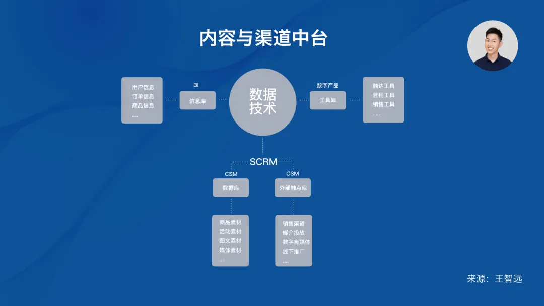 另一个主要管理外部触点,对接所有公私域渠道。比如:销售渠道,媒介投放,数字自媒体等等;如此一来,整个「品牌内容中台」和「外部传播渠道」全部打通了。
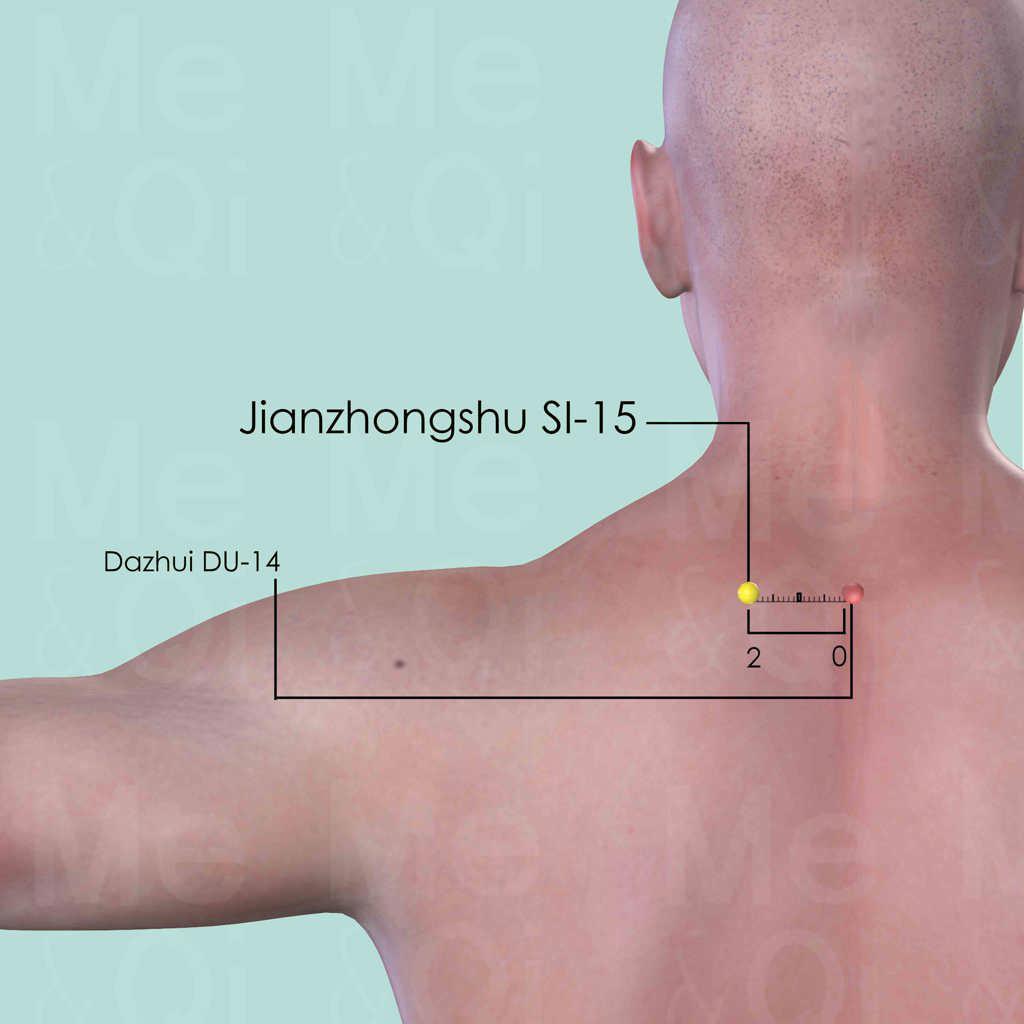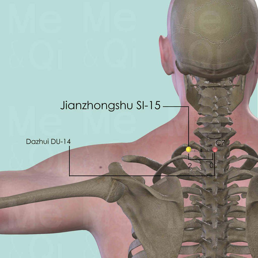 First identify Dazhui DU-14 below the 7th cervical vertebra (C7). Jianzhongshu SI-15 is located at the same level as DU-14 by measuring 2 cun in a lateral direction.
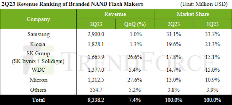 O mercado de memória flash NAND não conseguiu superar a fraca demanda no segundo trimestre, que continua atrás da oferta. No entanto, os volumes de remessas aumentaram 19,9% em comparação com os três meses anteriores, e a receita dos fabricantes aumentou 7,4% sequencialmente, para US$ 9,338 bilhões, calcularam os analistas da TrendForce.
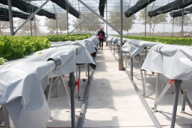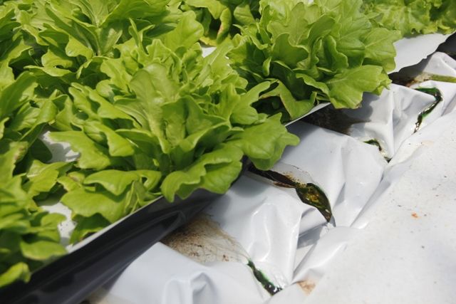 Vườn rau thủy canh được trồng trong nhà kính, có hệ thống dẫn nước hòa vi chất đến tận các khay rau. Ảnh: Ngọc Vũ
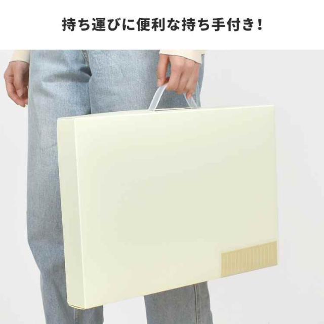 Details 【作品ファイル】 お子さまの作品をまとめて保管できる!四つ切画用紙サイズを折り目を付けずに収納できる作品ファイル(A3ボックス)。八つ切画用紙はもちろん、四つ切画用紙を14枚収納可能!ポストカードや厚みのあるものを収納できる小物用ポケットも付いているので、これひとつでお子さまの思い出をまとめられます♪大人の絵画作品も収納できるので、ご自身のポートフォリオ用にもオススメです◎ 品番 SF-A302 サイズ 約H450×W300×D48mm 重量 約700g 素材 ボックス、ポケット:PP 持ち手:PE 生産国 中国 ご注意 ※表記サイズより、多少の誤差があることがございます。 ※商品の画像はできる限り実物に近づけるよう配慮しておりますが、お使いのモニターやご覧になる環境によりましてはカラーの見え方に差が出る場合がございます。ご了承くださいませ。 関連キーワード 小学校 中学校 高校 大学 小学生 中学生 高校生 大学生 保育園 保育所 幼稚園 学校 入園 入学 卒業 卒園 子ども 子供 こども キッズ ジュニア 息子 娘 孫 女性 女子 女の子 ガールズ レディース girl 男性 男子 男の子 ボーイズ メンズ boy バースデー 誕生日 プレゼント プチ ミニ ギフト お祝い お返し 粗品 景品 送別会 イベント おしゃれ オシャレ お洒落 かわいい 可愛い カワイイ シンプル 子供 作品 収納 ボックス ケース 作品ファイル 作品収納ケース A3 四つ切画用紙 写真 思い出 保存 作品入れ 収納ボックス ポートフォリオ メモリアルボックス 賞状ファイル 大容量 丈夫 持ち手付き ブラック ホワイト 図工 CD DVD データ 保管 作品入れ 作品ボックス 作品ケース 収納ケース 作品収納ボックス シンプル 黒 白 美術 絵画 図工 工作 習字 折り紙 通知表 整理 整頓 便利 隙間 押入れ収納 | |||||||||||||
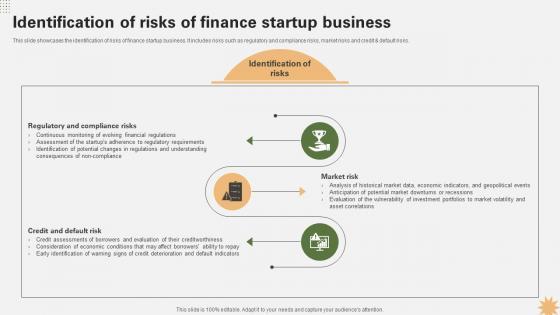This slide showcases the identification of risks of finance startup business. It includes risks such as regulatory and compliance risks, market risks and credit and default risks. Make sure to capture your audiences attention in your business displays with our gratis customizable Identification Of Risks Of Finance Startup Business Penetrating Markets With Financial Strategy SS V. These are great for business strategies, office conferences, capital raising or task suggestions. If you desire to acquire more customers for your tech business and ensure they stay satisfied, create your own sales presentation with these plain slides. This slide showcases the identification of risks of finance startup business. It includes risks such as regulatory and compliance risks, market risks and credit and default risks.
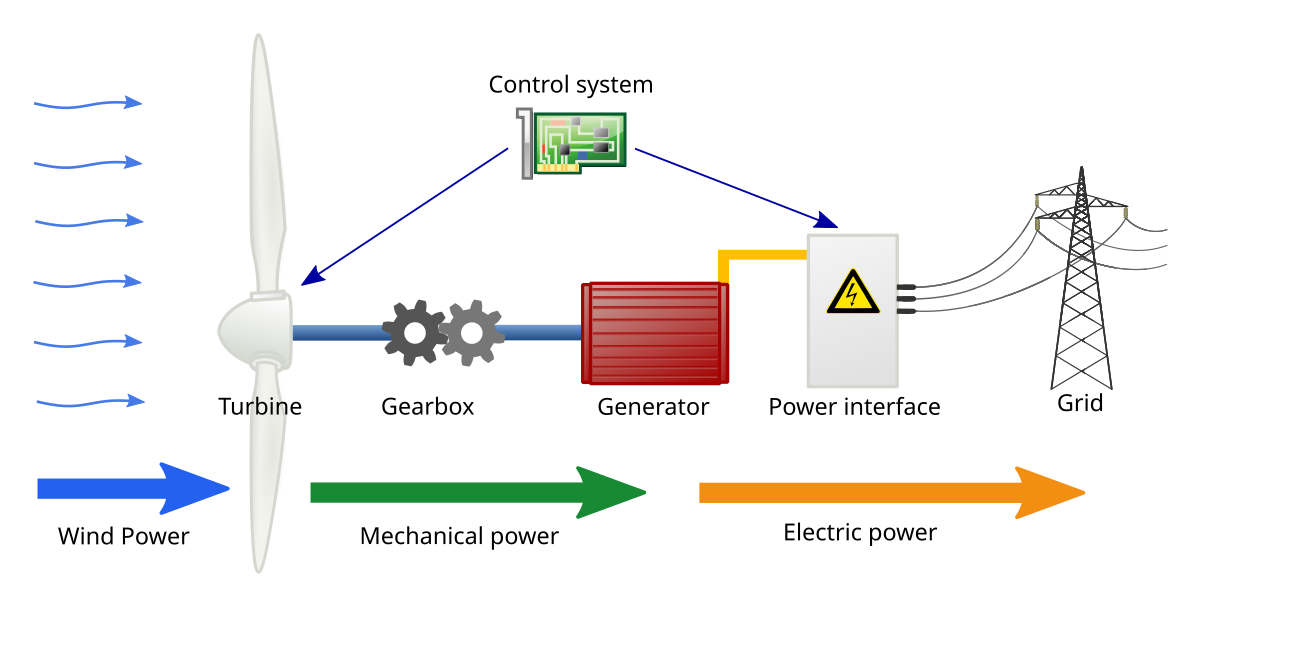 - Энергия ветра преобразуется в механическую с помощью аэротурбины. Эта механическая мощность передается через шестерни на генератор, чтобы увеличить его скорость.Поскольку частота вращения ротора низкая, необходима зубчатая передача, чтобы соответствовать синхронной скорости генератора.
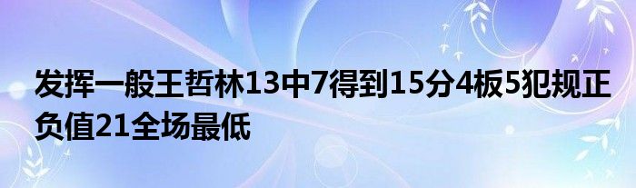 上海隊中鋒王哲林今日的發揮相比八強戰略顯一般,出戰30分57秒,投籃13中7,三分1中0,罰球2中1,得到15分4籃板2助攻,另有2次失誤5個犯規,正負值-21全場最低。
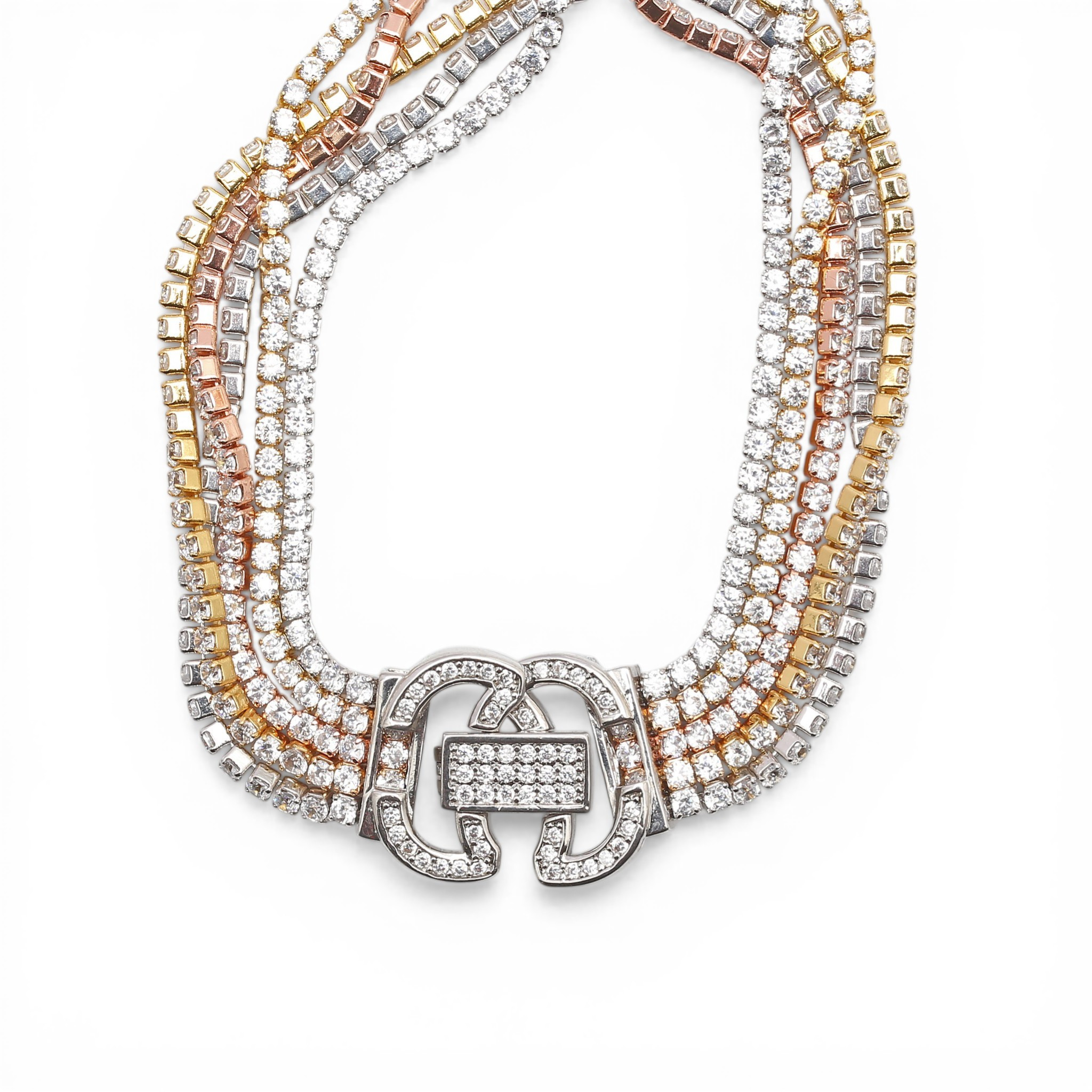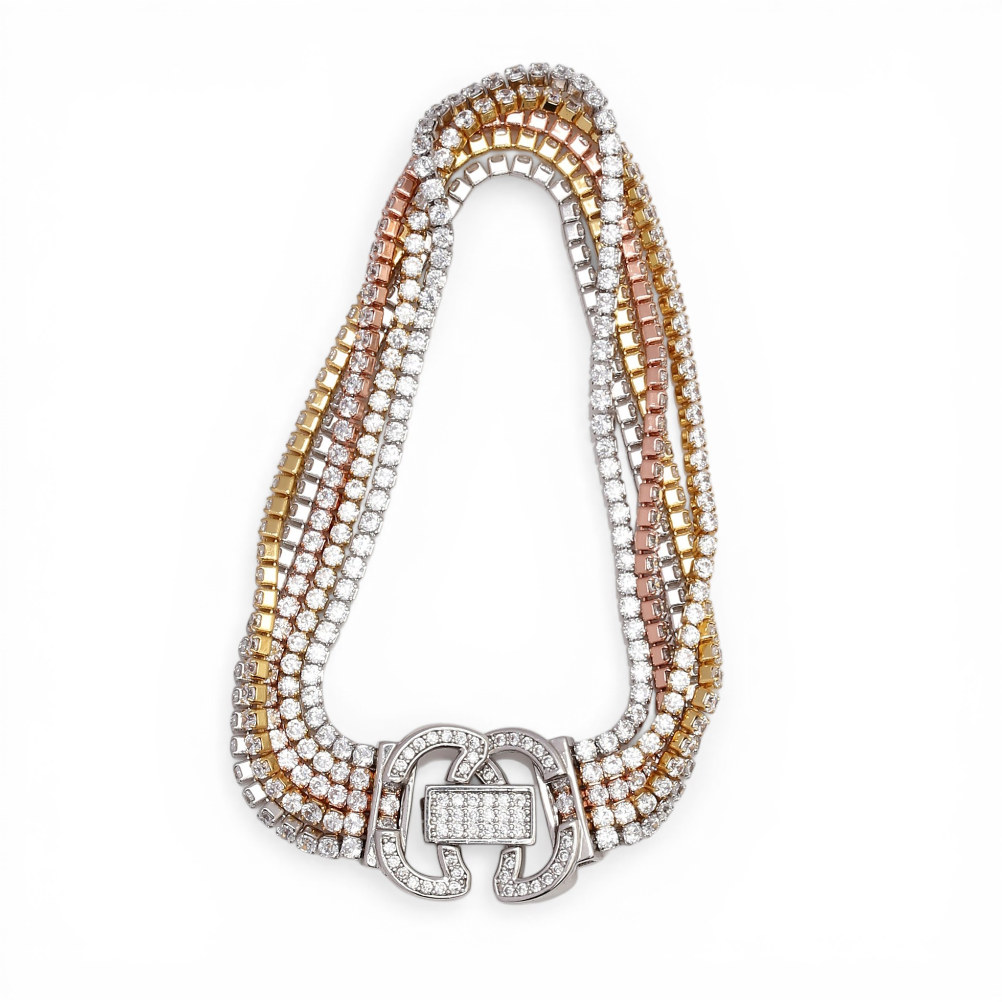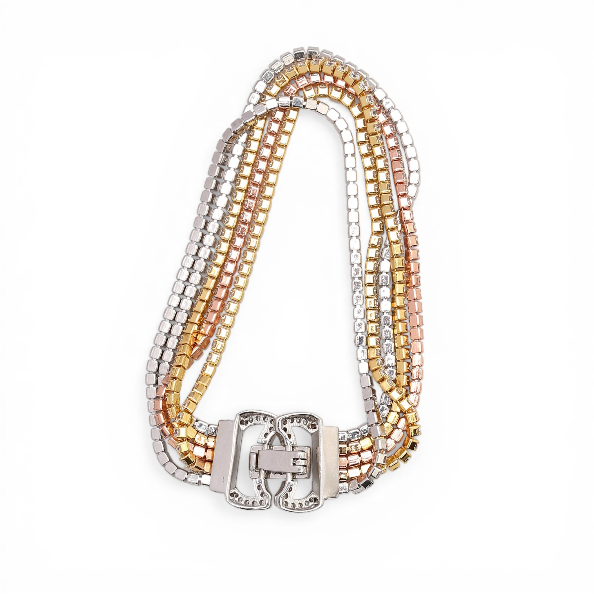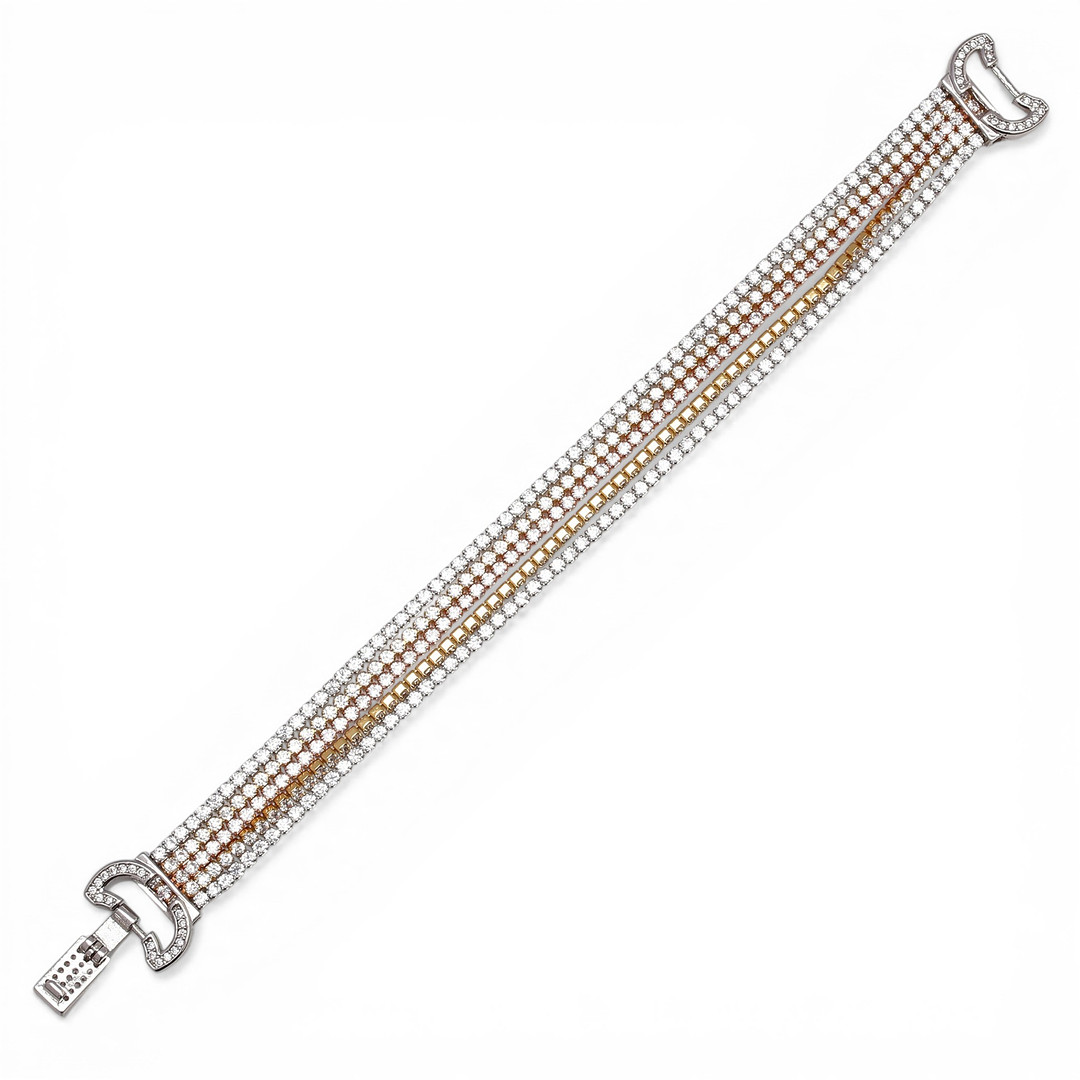 4959690. Three-coloured silver bracelet with zircons.
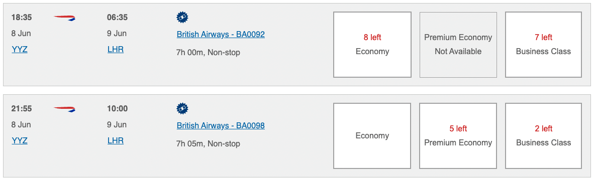 Keep in mind that British Airways releases a minimum of 14 award seats on every flight: eight seats in economy, two in premium economy, and four in business class.
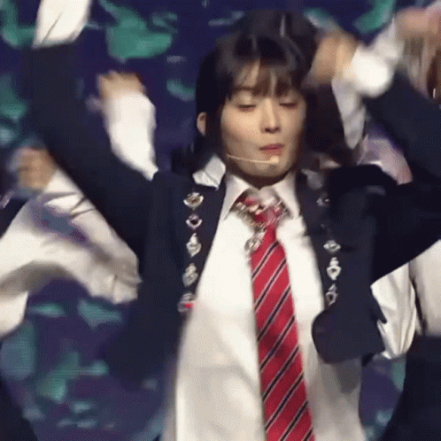 Content Description: a woman in a school uniform and tie is dancing on stage .

Action item> Print every entry exactly; omit the pictures.

The completed task>
 另一个主要管理外部触点,对接所有公私域渠道。比如:销售渠道,媒介投放,数字自媒体等等;如此一来,整个「品牌内容中台」和「外部传播渠道」全部打通了。
 First identify Dazhui DU-14 below the 7th cervical vertebra (C7). Jianzhongshu SI-15 is located at the same level as DU-14 by measuring 2 cun in a lateral direction.
 O mercado de memória flash NAND não conseguiu superar a fraca demanda no segundo trimestre, que continua atrás da oferta. No entanto, os volumes de remessas aumentaram 19,9% em comparação com os três meses anteriores, e a receita dos fabricantes aumentou 7,4% sequencialmente, para US$ 9,338 bilhões, calcularam os analistas da TrendForce.
 Vườn rau thủy canh được trồng trong nhà kính, có hệ thống dẫn nước hòa vi chất đến tận các khay rau. Ảnh: Ngọc Vũ
 Details 【作品ファイル】 お子さまの作品をまとめて保管できる!四つ切画用紙サイズを折り目を付けずに収納できる作品ファイル(A3ボックス)。八つ切画用紙はもちろん、四つ切画用紙を14枚収納可能!ポストカードや厚みのあるものを収納できる小物用ポケットも付いているので、これひとつでお子さまの思い出をまとめられます♪大人の絵画作品も収納できるので、ご自身のポートフォリオ用にもオススメです◎ 品番 SF-A302 サイズ 約H450×W300×D48mm 重量 約700g 素材 ボックス、ポケット:PP 持ち手:PE 生産国 中国 ご注意 ※表記サイズより、多少の誤差があることがございます。 ※商品の画像はできる限り実物に近づけるよう配慮しておりますが、お使いのモニターやご覧になる環境によりましてはカラーの見え方に差が出る場合がございます。ご了承くださいませ。 関連キーワード 小学校 中学校 高校 大学 小学生 中学生 高校生 大学生 保育園 保育所 幼稚園 学校 入園 入学 卒業 卒園 子ども 子供 こども キッズ ジュニア 息子 娘 孫 女性 女子 女の子 ガールズ レディース girl 男性 男子 男の子 ボーイズ メンズ boy バースデー 誕生日 プレゼント プチ ミニ ギフト お祝い お返し 粗品 景品 送別会 イベント おしゃれ オシャレ お洒落 かわいい 可愛い カワイイ シンプル 子供 作品 収納 ボックス ケース 作品ファイル 作品収納ケース A3 四つ切画用紙 写真 思い出 保存 作品入れ 収納ボックス ポートフォリオ メモリアルボックス 賞状ファイル 大容量 丈夫 持ち手付き ブラック ホワイト 図工 CD DVD データ 保管 作品入れ 作品ボックス 作品ケース 収納ケース 作品収納ボックス シンプル 黒 白 美術 絵画 図工 工作 習字 折り紙 通知表 整理 整頓 便利 隙間 押入れ収納 | |||||||||||||
This slide showcases the identification of risks of finance startup business. It includes risks such as regulatory and compliance risks, market risks and credit and default risks. Make sure to capture your audiences attention in your business displays with our gratis customizable Identification Of Risks Of Finance Startup Business Penetrating Markets With Financial Strategy SS V. These are great for business strategies, office conferences, capital raising or task suggestions. If you desire to acquire more customers for your tech business and ensure they stay satisfied, create your own sales presentation with these plain slides. This slide showcases the identification of risks of finance startup business. It includes risks such as regulatory and compliance risks, market risks and credit and default risks.
 - Энергия ветра преобразуется в механическую с помощью аэротурбины. Эта механическая мощность передается через шестерни на генератор, чтобы увеличить его скорость.Поскольку частота вращения ротора низкая, необходима зубчатая передача, чтобы соответствовать синхронной скорости генератора.
 上海隊中鋒王哲林今日的發揮相比八強戰略顯一般,出戰30分57秒,投籃13中7,三分1中0,罰球2中1,得到15分4籃板2助攻,另有2次失誤5個犯規,正負值-21全場最低。
 4959690. Three-coloured silver bracelet with zircons.
 Keep in mind that British Airways releases a minimum of 14 award seats on every flight: eight seats in economy, two in premium economy, and four in business class.
 Content Description: a woman in a school uniform and tie is dancing on stage .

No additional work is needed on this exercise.